TASK STATEMENT: Could you retype the whole listing word for word and drop the images?

DATASET EXTRACT:
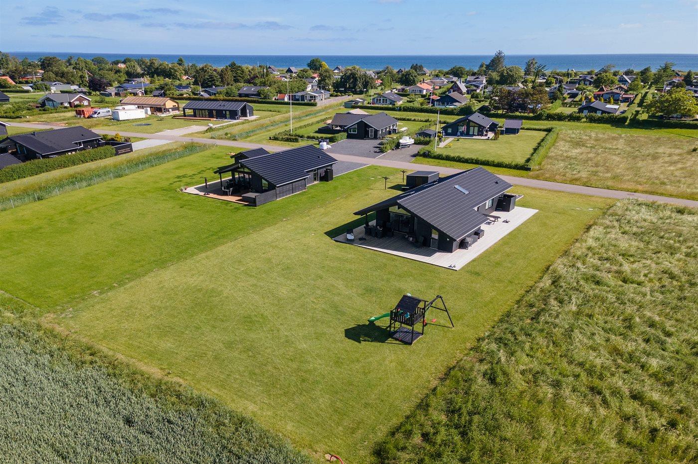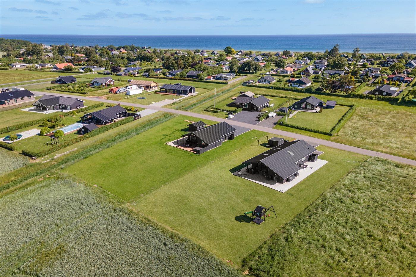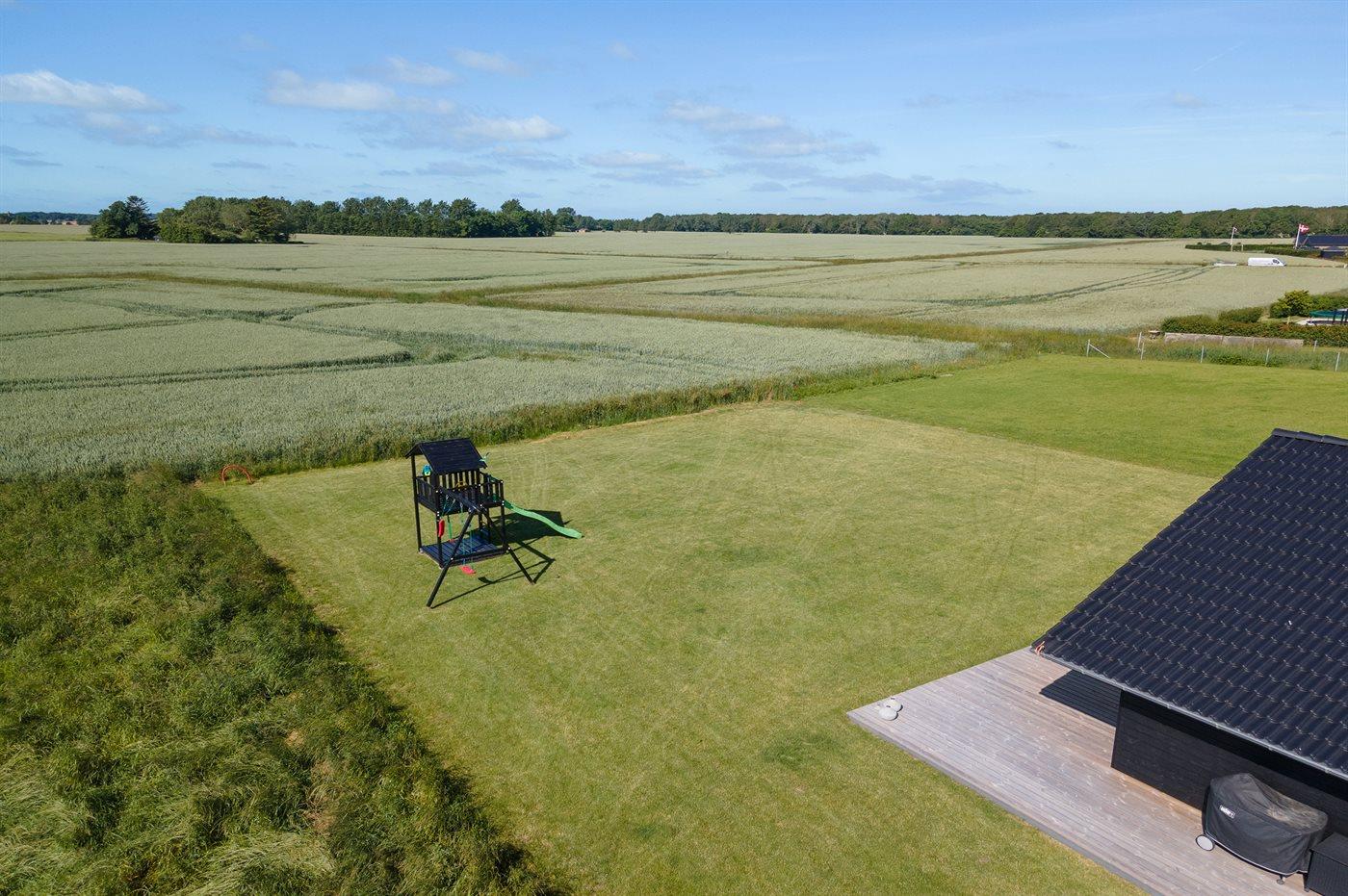 Ferieboligen er beliggende på en 1216 m² stor havegrund. Der er 400 m til havet. Nærmeste forretning er beliggende i en afstand af 2500 m. Til ferieboligen hører 160 m² terrasseareal. Desuden er der 35 m² overdækket terrasse. Gynge. Sandkasse. Udendørs bruser. Grill til rådighed. Parkering ved ferieboligen.
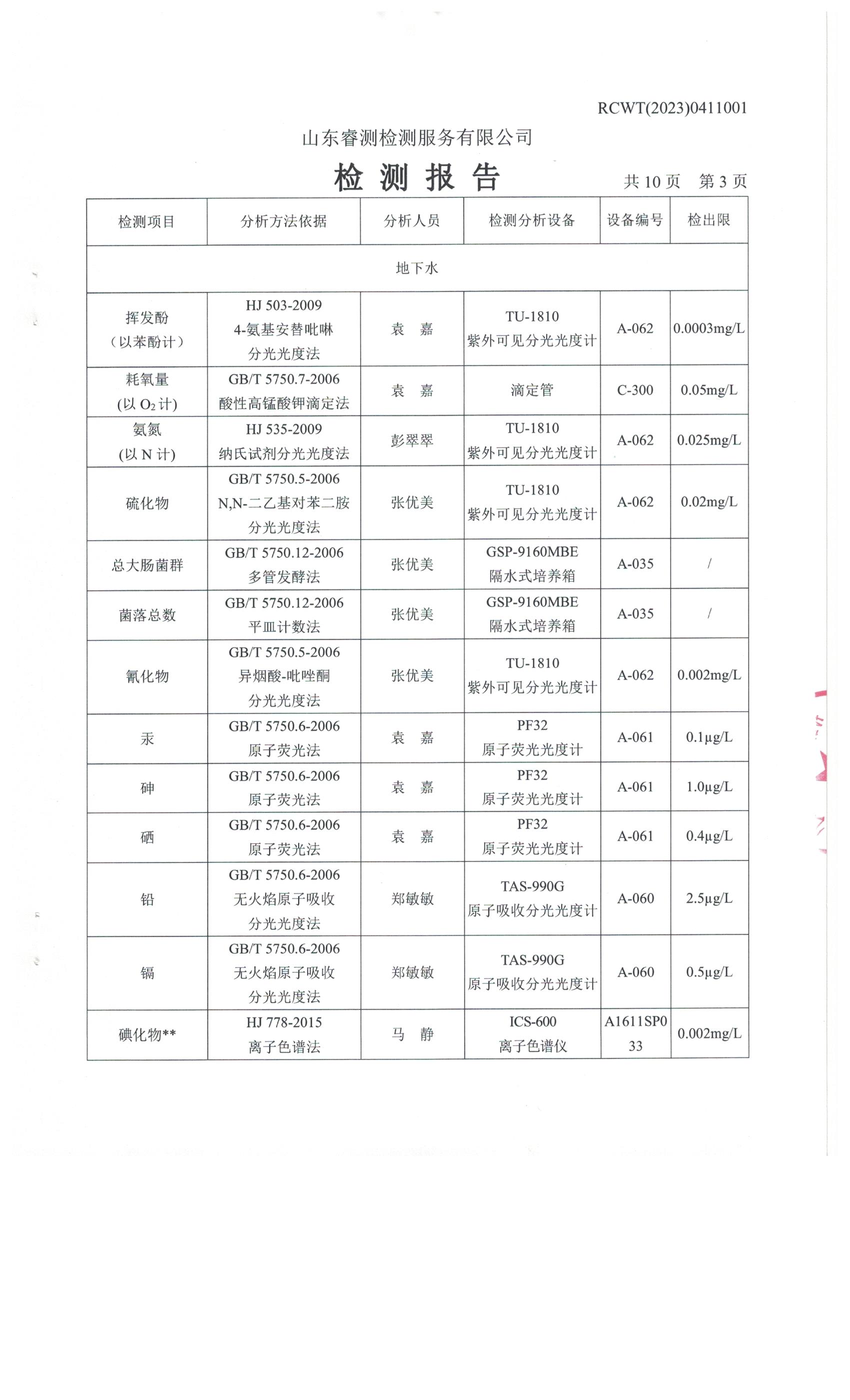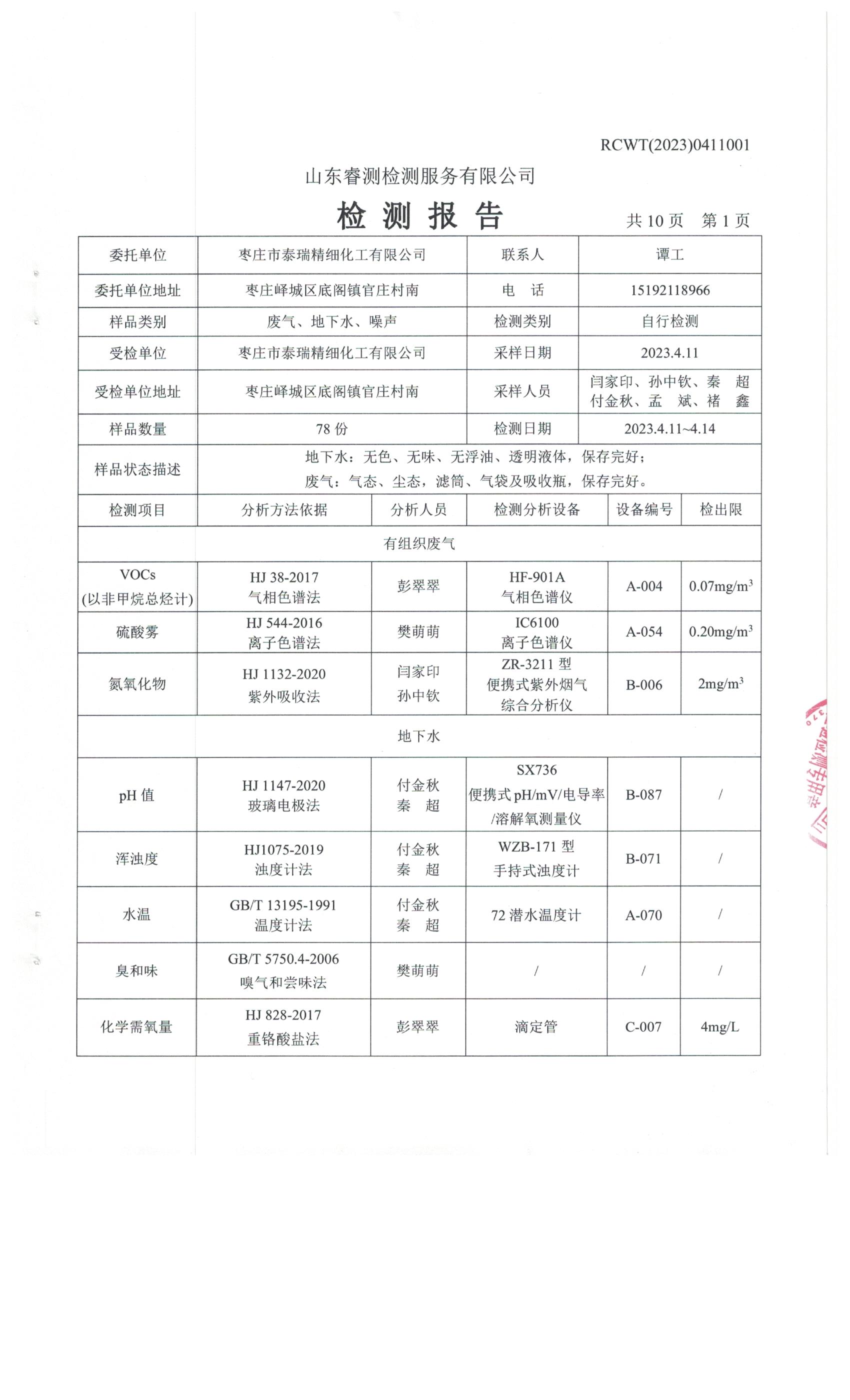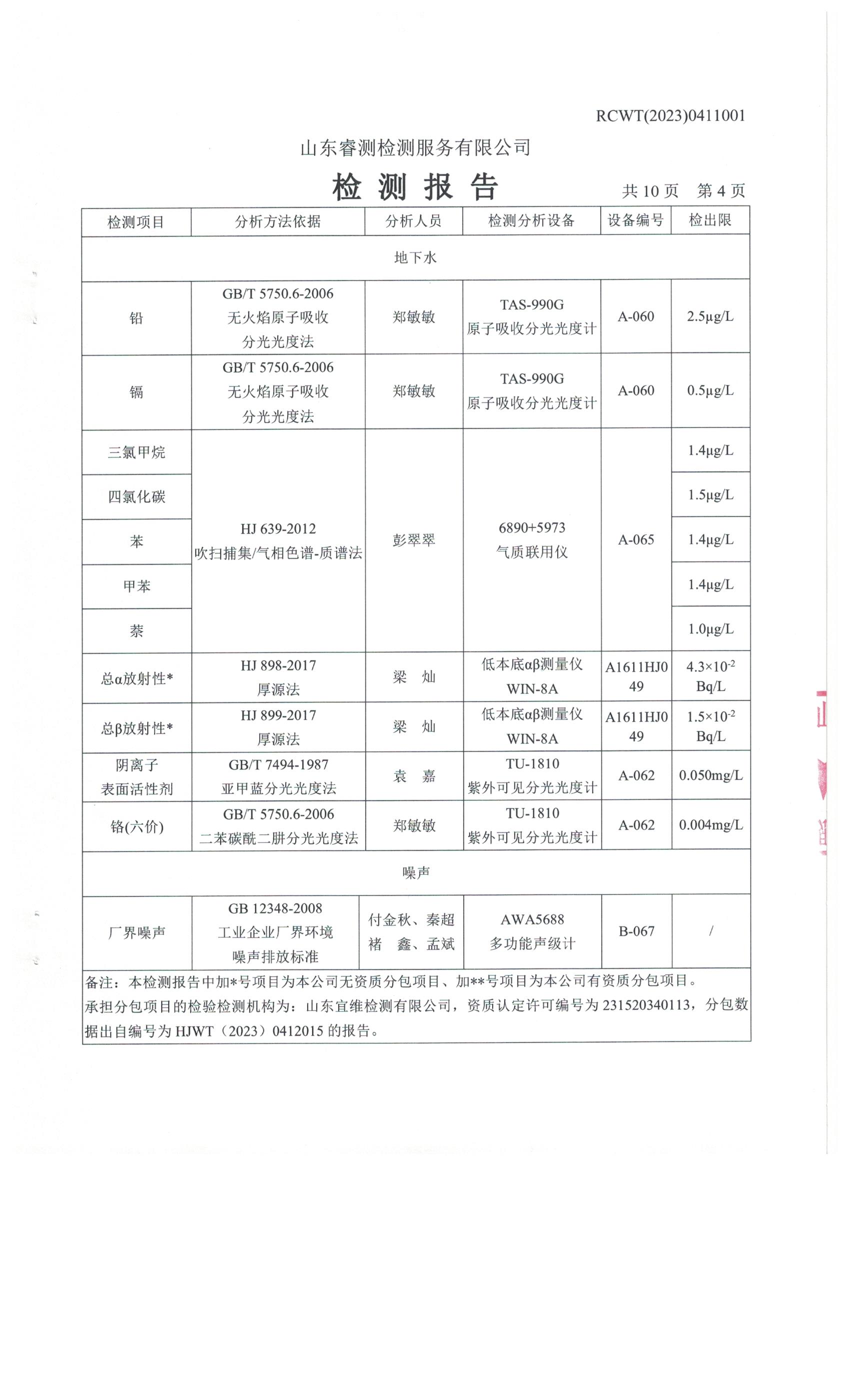 當(dāng)前位置:首頁(yè)>新聞中心>公司動(dòng)態(tài)>2023年第2季度(4月份)檢測(cè)報(bào)告
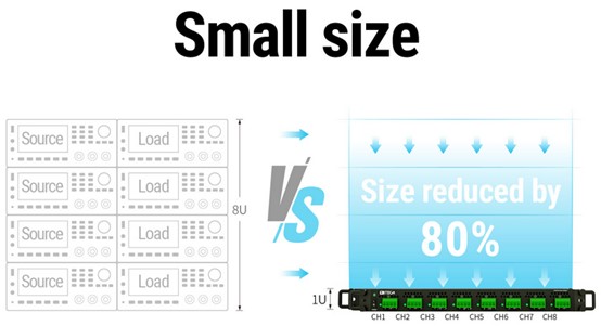 What’s more outstanding is that IT2700 canachieve eight simultaneous outputs up to 1U high. This feature gives IT2700significant advantages in various production lines that require paralleltesting and high efficiency. The 1U main frame can include up to 8modules (200W each) or 4 modules (500W each). Different modules can be groupedand synchronized. It can be widely used in ATE integration in R&D, designverification and manufacturing of DC-DC converter, communication powersemiconductors, 3C products, like smartphone, PCBA, battery simulation andtest, chips BMS chips etc.

EXERCISE SOLUTION:
 Ferieboligen er beliggende på en 1216 m² stor havegrund. Der er 400 m til havet. Nærmeste forretning er beliggende i en afstand af 2500 m. Til ferieboligen hører 160 m² terrasseareal. Desuden er der 35 m² overdækket terrasse. Gynge. Sandkasse. Udendørs bruser. Grill til rådighed. Parkering ved ferieboligen.
 當(dāng)前位置:首頁(yè)>新聞中心>公司動(dòng)態(tài)>2023年第2季度(4月份)檢測(cè)報(bào)告
 What’s more outstanding is that IT2700 canachieve eight simultaneous outputs up to 1U high. This feature gives IT2700significant advantages in various production lines that require paralleltesting and high efficiency. The 1U main frame can include up to 8modules (200W each) or 4 modules (500W each). Different modules can be groupedand synchronized. It can be widely used in ATE integration in R&D, designverification and manufacturing of DC-DC converter, communication powersemiconductors, 3C products, like smartphone, PCBA, battery simulation andtest, chips BMS chips etc.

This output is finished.